During the 50's Mel Weisburd co-founded with Gene Frumkin Coastlines Literary Magazine and was published widely in literary magazines of those times. He has been anthologized in Walter Lowenfel’s New Poets of Today, Best Articles and Stories, Epos, Poetry Los Angeles, Leonard Wolf’s Voices from the Love Generation, Poets of the Non-Existent City: L.A. During the McCarthy Years, Eating the Pure Light (Homage to Thomas McGrath), Backwater Press, and Poet Lore. He had a pioneering role in environmental law enforcement, health effects research and education. He was president of Pacific Environmental Services, Inc. and has authored technical books and articles in these fields. After retirement, he resumed creative writing and has since published in San Marcos Poetry, Review, Blue Mesa Review, Café Solo, Country Mouse, Grasslimb, Lummox, Walls of the Adobe, Woman in Metaphor. His works appear on number of webs sites, and he has read at Poet’s House, New York City and venues in New Mexico and Los Angeles. He is the author of A Life of Windows & Mirrors, Selected Poems, and The Gloria Poems, (Conflux Press.)

 

THE VIEW FROM  HER ROOM

For Gloria, my wife – 1923-2006

I grieve in the dark east of our house
hiding from your absence, comforted
by your still warm side of our bed.
Then boldly I dare to move into the
sudden glare of your now empty
west-facing room that had so indelibly framed
your private point of view. There you underlined
in a note your wall something Emerson wrote:
The Health of the eye seems to demand a horizon.
We are never tired as long as we can see far enough.
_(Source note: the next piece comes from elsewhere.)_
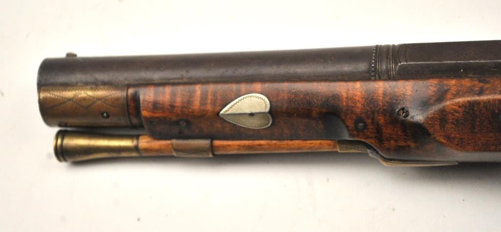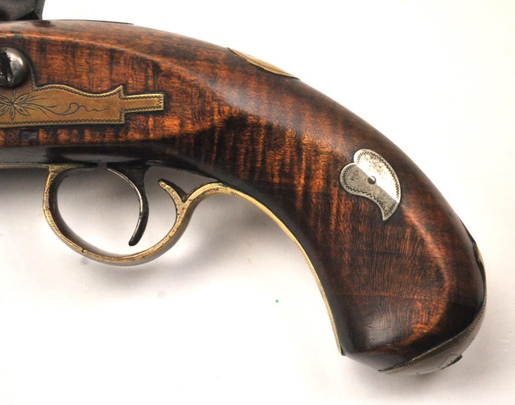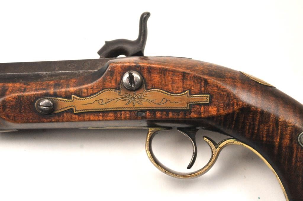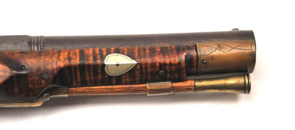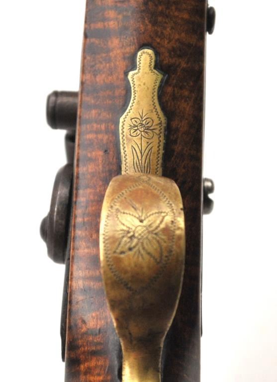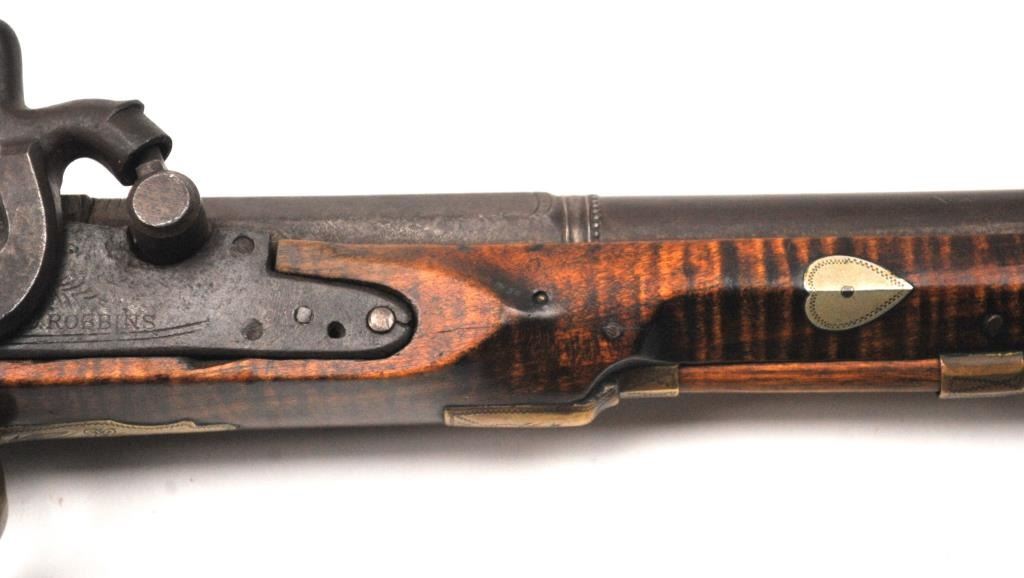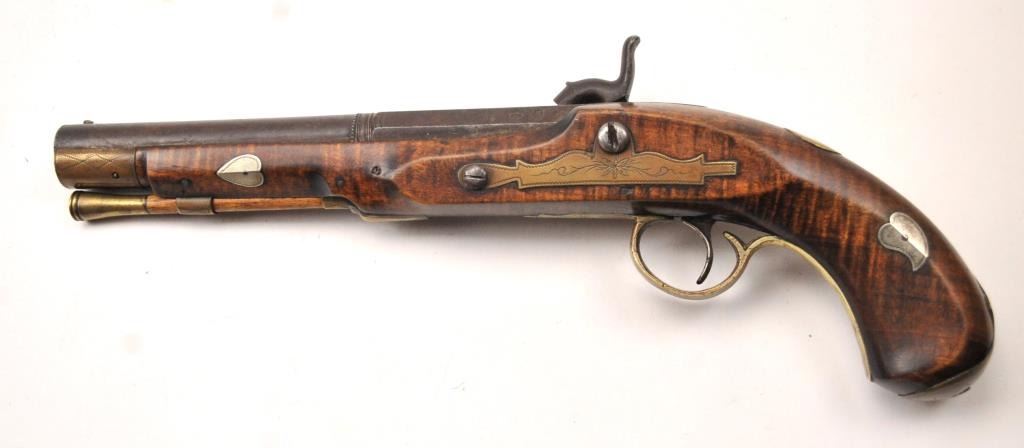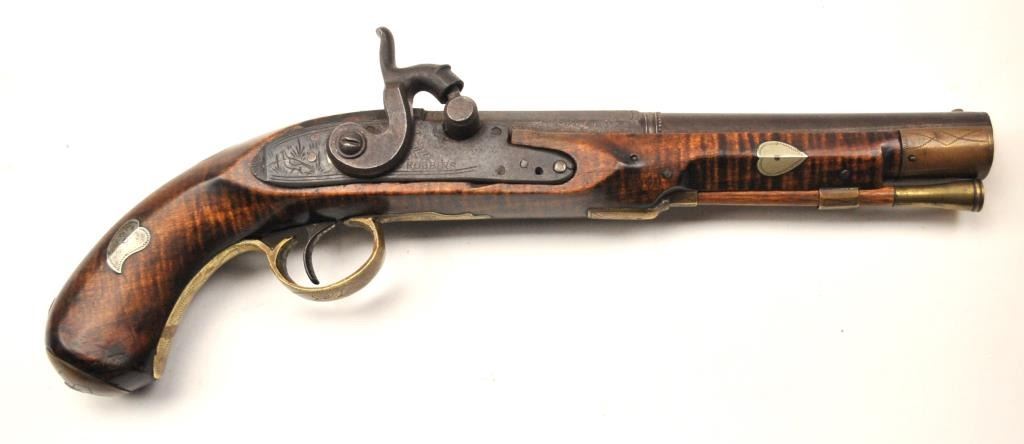 American Kentucky style pistol with a lock signed C. Robbins (converted from flintlock to percussion). The barrel is marked London and T.K. (Thomas Ketland) with V.P. proofs with silver “star” around the front sight.The pistol is approximately 13 5/8” in overall length with an 8 ¼” barrel of approximately .60 caliber smoothbore. The natural striped Walnut stock with lightly engraved American florals in a Pennsylvaniastyle with four heart shaped silver inlays. The pistol has very good metal with a nice stock showing minor losses around the bottom edge of the lock. The gun is in very good plus overall condition with natural aging,marked C. Robbins. Est.: $1,000-$2,000.

Now I see what you saw: the shadows
of Cub of Gold leaves, walls of Eugenia, Heavenly
bamboo; large grape leaves spread out
like sun bladders in the late afternoon. A butterfly
above the arbor searching for the salt on your finger.
Rays of angled sunlight scoop up the reflections
of the pool and invert them on the ceiling in
camera obscura that cascades lucent tears
down the window glass.

The shimmering of light on the ceiling
is a warbling of some ionic phenomenon
like a beam from another world, maybe from you..
I don’t know, we never believed that way. Yet
I stand within it rectified, forgiven, re-loved,
the gift of a bride and the legacy of a mother.
I let you fill yourself up in me,
both out selves in total eclipse.

Blue Mesa Review, Spring 2007, #19, University of New Mexico

FALLING IN LOVE AT 80

Because I feel the moon-tide I can’t believe
it is not also drawn to me

or that the mountain is unaware of my awe
of its majesty

or you would not sympathize with my tear
or kiss or that the kiss and tear are not greater
than your ambivalence.

Then why do you doubt my expertise
             in natural selection
and reject what I know is best for you?

Love, no matter from where it comes,
lopsided or asymmetrical,
is greater than you and I whether
you know it not just now.

I can’t believe that the shining of my love
does not expose the doubtful doubts in your mind
and shame your denial.

Even though you insist you don’t love me,
you can’t dismiss the moon tide or the mountain of adoration
or assert that my tidal power is mere conceit.
After all I experienced love at first sight
when I was young  and penniless.

Don’t believe that I’m an expired male
who only love from memory,
each dim passion some three generations old.
I won’t accept your argument that my conceit
exploits you to make this poem

Do you think I kid myself?
If you persist, I will awake morning after night.
roll over, thank God I’m still alive and free

and with the blessed shortening
of my memory forget
for whom I wrote this poem.

Solo Café 4&5, Solo Press 2009

FROM THE TOP OF THE CLIFF AT TORREY PINES

For Stefi

We walk the cliff above the ocean.
Boulders rock in the undertow for miles below.
The sea looks as if it were crawling uphill.
Gulls shoot out from behind us.
They seem to skim the light from the body of water.
Something is leaving us.

She asks to run ahead while I, out of breath,
fall back to smoke my pipe.  I imagine a three
dimensional gauge set in lace – a giant
yellow wooden ruler whose numbered scales
are writ large for my near-sighted eyes.
It measures distances in the sea exactly
on a north-south line with the Scripps Institute
of Oceanography.

That damned gauge divides everything:
depth from breadth and height, history
from prehistory, science from art, her forward motion
and my retreat. Everyone has left except for a
student walking the baseline of the beach
looking up towards outer space.

And she is beyond the last bend, out of sight.